3 Nov – Mountaineering to Camp 2 – the real deal! – 5500m to 6100m

Today is the real deal. We wake up and start the morning routine of melting snow, preparing ‘breakfast in a bag’, eating, packing our huge down sleeping bags, stuffing our backpacks, dressing for the weather (sunny but cold).

We hit the slope for a 600m / 5 hours ascent. Ice axes are not required for now and stay on our backpacks. Crampons will be needed later and are hanging off the back of our packs. Xav and I walk in front with Chris, Glenn follows with junga. Florence hasn’t slept for the nth night and Chris tells her to either stay st camp 1 or descent to Favor recovery.

It’s time to put on the crampons to get on the hanging glacier that will take us to camp 2. The slopes are getting steep. The real deal is now officially starting. Out of breath from putting the crampons we step onto old dark ice roped in Chris, Xavier and myself. All 12 teeth of the crampons do an amazing job keeping us on the slope. It’s key to get as many teeth as possible in the ice and not only the front one. Cramponing is not rocket science but requires a little patience to get it right to guarantee safety.

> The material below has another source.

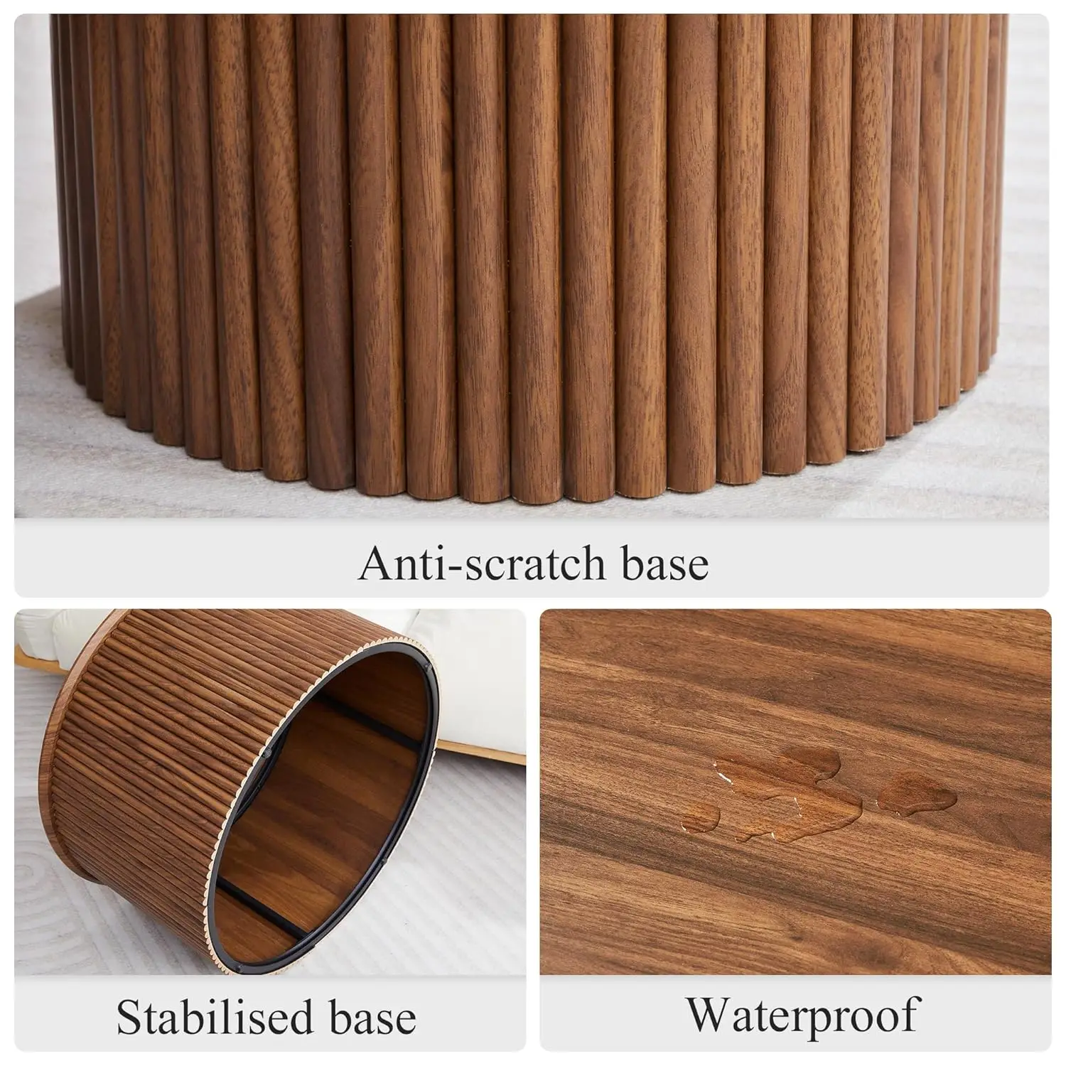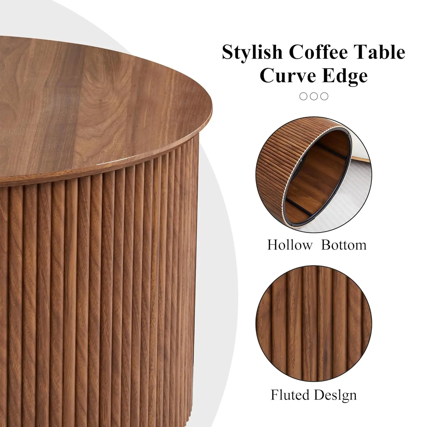 Three Stylish Color Options: Available in Walnut, Black, and Natural Wood, these fluted coffee tables fit a variety of home styles—from modern minimalist to rustic farmhouse. Whether you’re furnishing a cozy apartment or a large family living room, ’s round wood coffee table set brings warmth, balance, and sophistication to your home décor.

We traverse some amazing scenery of hanging ice and snow, skip over crevasses too deep for the eye to see the bottom of them. It’s fascinating, tiring and getting cold on the glacier. We have to stop briefly and layer up before we are frozen to the bone. The wind blows and the altitude guarantees cold winds. The -29C gloves come out of the bag in a hurry, the fleece is thrown over our goretex pro jackets. We keep climbing roped in with Chris, out of breath, approaching the 6000m barrier our garmin watches telling us how high we are. Suddenly: Tents on the horizon surrounded by glaciers and the towering himlung himal summit at 7125m above us. We have reached camp 2!


Our tent is on the side of a steep slope with a view that cannot be described for its beauty knows no words.

Glenn is about an hour behind. There has been a snafu with crampons and he does not have his own pair and therefore impossible to fit them on. He exchanged with junga and it works! But soon after their climb is stopped by a radio call from Florence who decided against Chris’s advice to climb up for acclimatisation. She cannot cross the glacier without being roped in for safety and Glenn had to wait 45′ in the snow on the glacier while Junga turns around to pick up Florence.

I walk towards Glenn, Junga and Florence to film their arrival at camp 2 without knowing that Florence has to turn around immediately to go down with junga before dark as she has left all her sleeping equipment at camp 1. It’s a weird situation, Chris is concerned for safety, Florence upset by Chris’ reaction and Glenn eager to arrive to his tent and settle after a long day. It’s cold, windy and the water making routine starts over again. Xav and I eat and settle in for s cold -13C night in the tent. Poor Glenn spends one of the worst nights of his life freezing on the snow as his mattress is punctured and cannot insulate from the intense cold at 6100m.